Dataset items
+++++
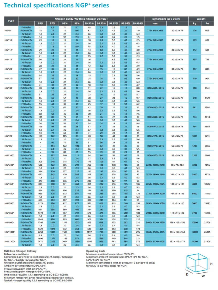 NGP Pressure Swing Adsorption Nitrogeno Sorgailuak % 95etik % 99rako nitrogeno garbitasuna eskaintzen du zure kalitate baldintzak betetzeko.
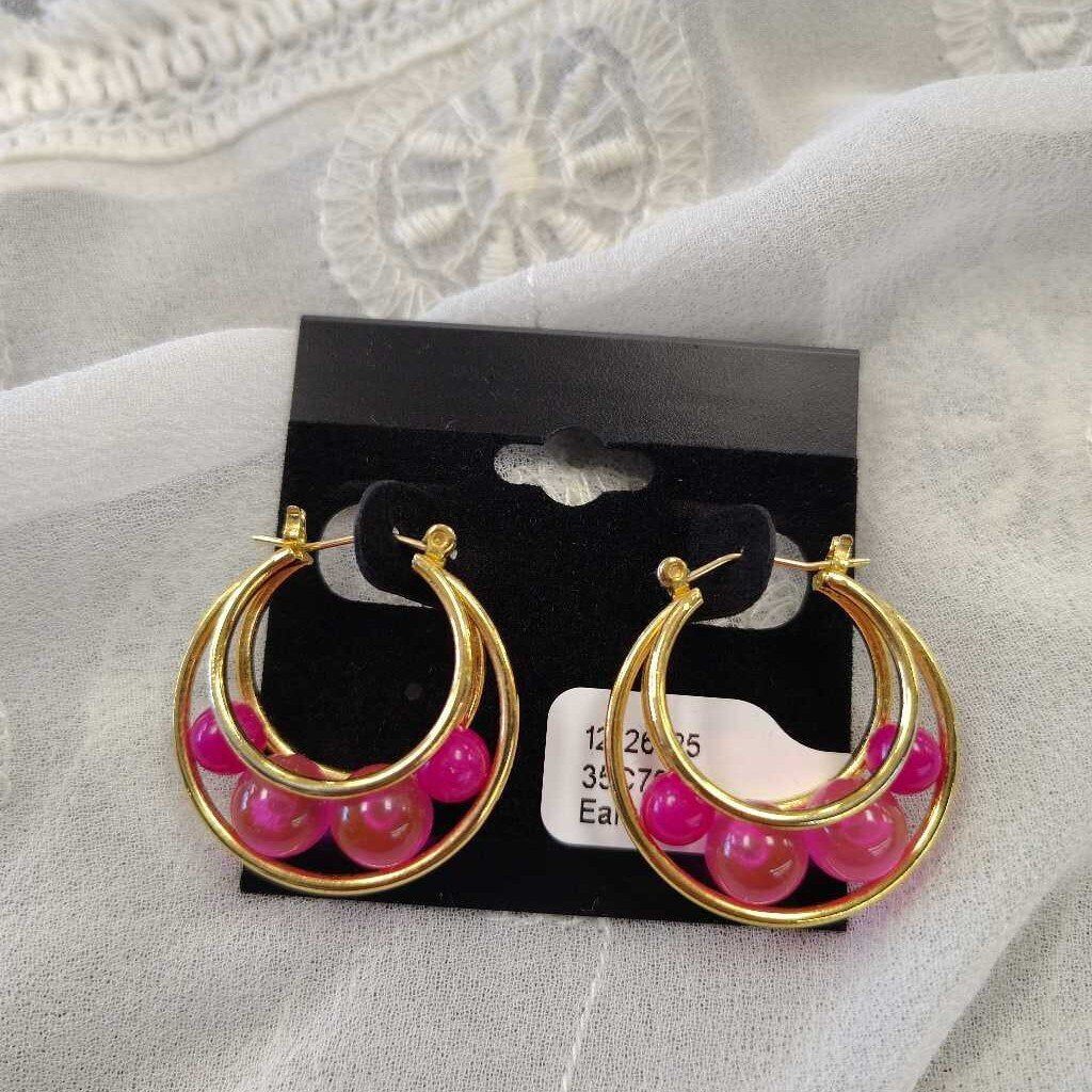 Gold tone dangle pierced hoop earrings with pink ball bead accents.
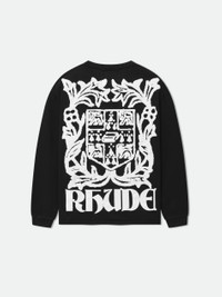 Premium long sleeve tee crafted from soft, lightweight fabric. Features a comfortable and relaxed custom Rhude fit. Ribbed neck and sleeves, with Rhude Crest graphics on front and back in custom puff print. AW24 Runway Trunkshow - Delivers in AW24 Season 100% COTTON DRY CLEAN ONLY WE RECOMMEND TAKING YOUR STANDARD SIZE
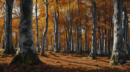 Central deciduous trunk is rising toward canopy in flat design forest scene, with orange leaves. Nature, woodland, outdoor, seasonal, landscape, tranquility, ecology
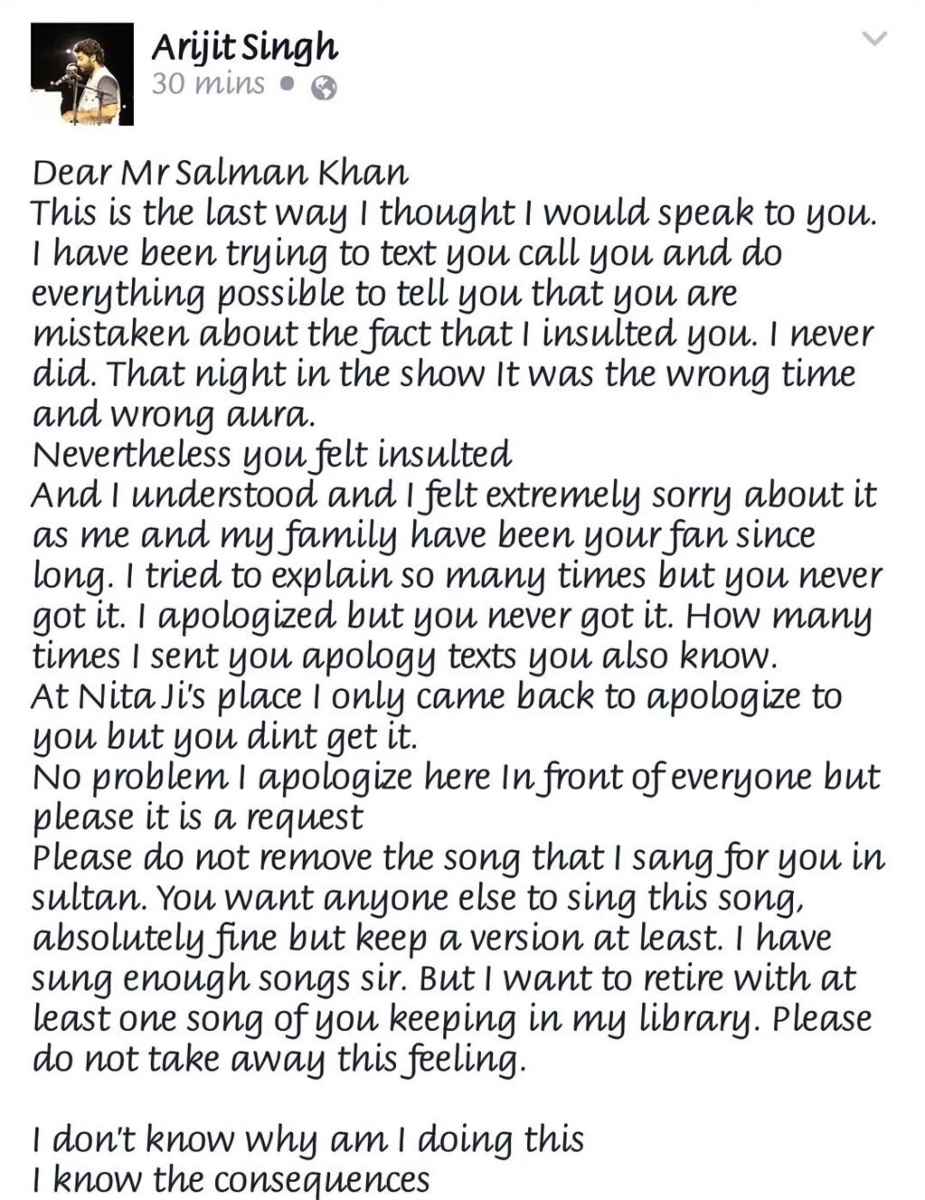 अरिजीत ने लिखा, 'मैं आपको कॉल और मैसेज सब ट्राई कर चुका हूं और हर मुमकिन चीज बताने की कोशिश कर चुका हूं कि आपने गलत ले लिया है कि मैंने आपकी बेइजती की है। मैंने ऐसा कभी नहीं किया।
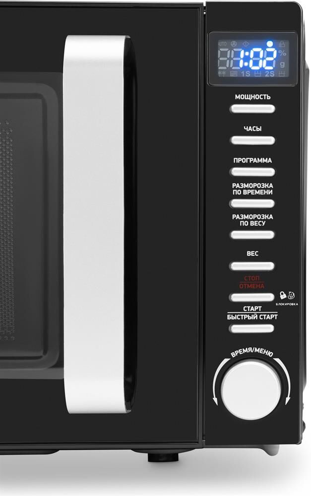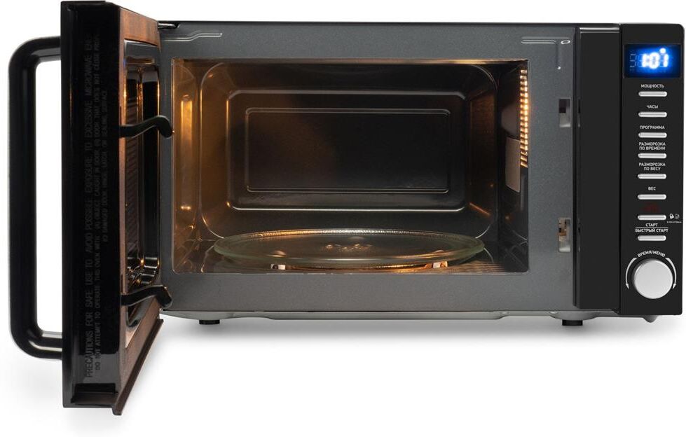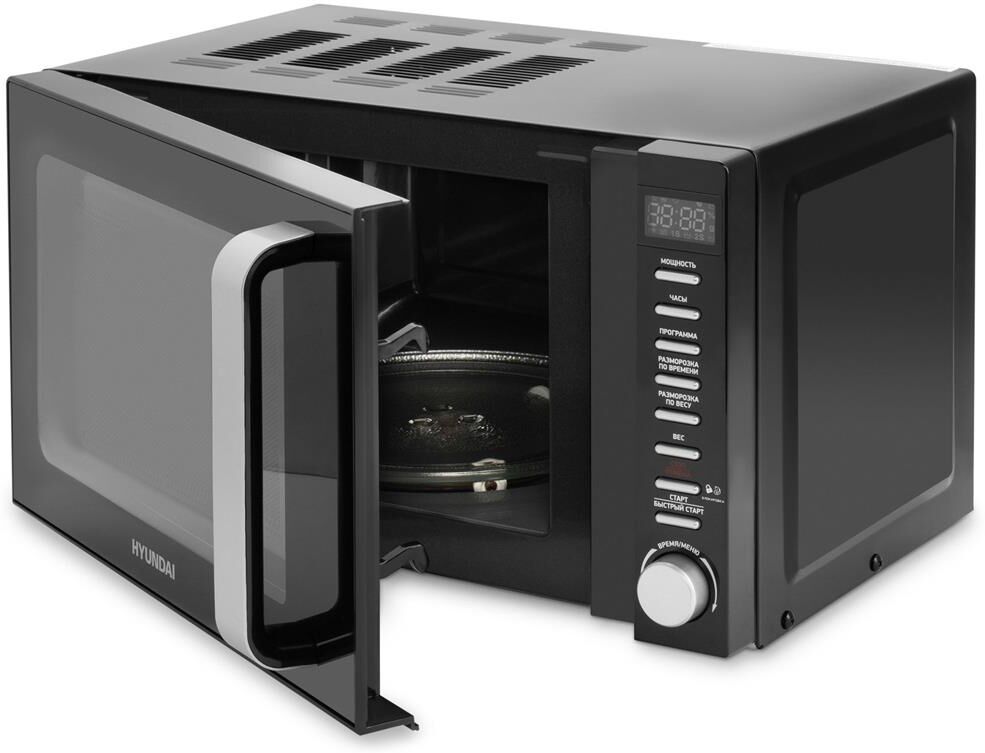 HYUNDAI HYM-D3034 – в невероятно стильном и практичном черном корпусе с хромированной ручкой на дверце. Она прекрасно впишется в любой современный интерьер. Микроволновка обладает вместительной внутренней камерой на 20 л. Этого объема с запасом хватит для приготовления и быстрого разогрева домашних блюд в небольшой семье. Модель оснащена поворотным столиком диаметром 24,5 см, который подойдет и для большой посуды. За счет вращения пища подогревается равномерно. Внутренняя подсветка позволит следить за процессом приготовления еды. Мощность микроволновой печи составляет 700 Вт, предусмотрено пять режимов работы. Модель HYUNDAI HYM-D3034 поможет быстро разморозить продукты, разогреть готовые блюда или приготовить несложные закуски типа печеного картофеля, попкорна или пиццы. Предусмотрен таймер на 99 минут. Он оповестит звуковым сигналом о готовности блюда. Электронная система управления состоит из удобного поворотного переключателя, кнопочного меню с широким функционалом и аккуратного дисплея, на котором легко
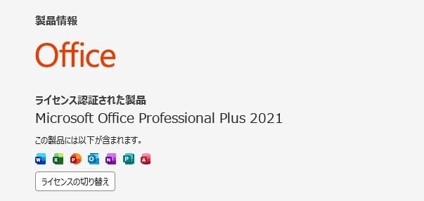 ・Office Professional Plus 2021 ライセンス認証済み(プロダクトキーなどは付属しません)
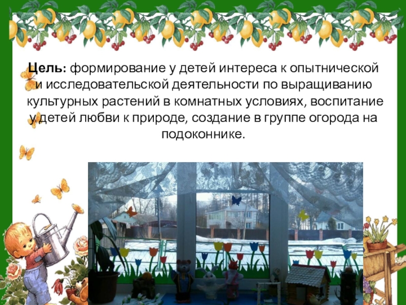 выращиванию культурных растений в комнатных условиях, воспитание у детей любви к природе, создание в группе огорода на подоконнике.
+++++
» EXERCISE GOAL:
Please set down, exactly and with no pictures, the lines in the entries above starting at the one holding "Premium long sleeve" and ending at the one holding "अरिजीत ने लिखा, 'मैं", ends included.

» RESPONSE TO THIS EXERCISE:
 Premium long sleeve tee crafted from soft, lightweight fabric. Features a comfortable and relaxed custom Rhude fit. Ribbed neck and sleeves, with Rhude Crest graphics on front and back in custom puff print. AW24 Runway Trunkshow - Delivers in AW24 Season 100% COTTON DRY CLEAN ONLY WE RECOMMEND TAKING YOUR STANDARD SIZE
 Central deciduous trunk is rising toward canopy in flat design forest scene, with orange leaves. Nature, woodland, outdoor, seasonal, landscape, tranquility, ecology
 अरिजीत ने लिखा, 'मैं आपको कॉल और मैसेज सब ट्राई कर चुका हूं और हर मुमकिन चीज बताने की कोशिश कर चुका हूं कि आपने गलत ले लिया है कि मैंने आपकी बेइजती की है। मैंने ऐसा कभी नहीं किया।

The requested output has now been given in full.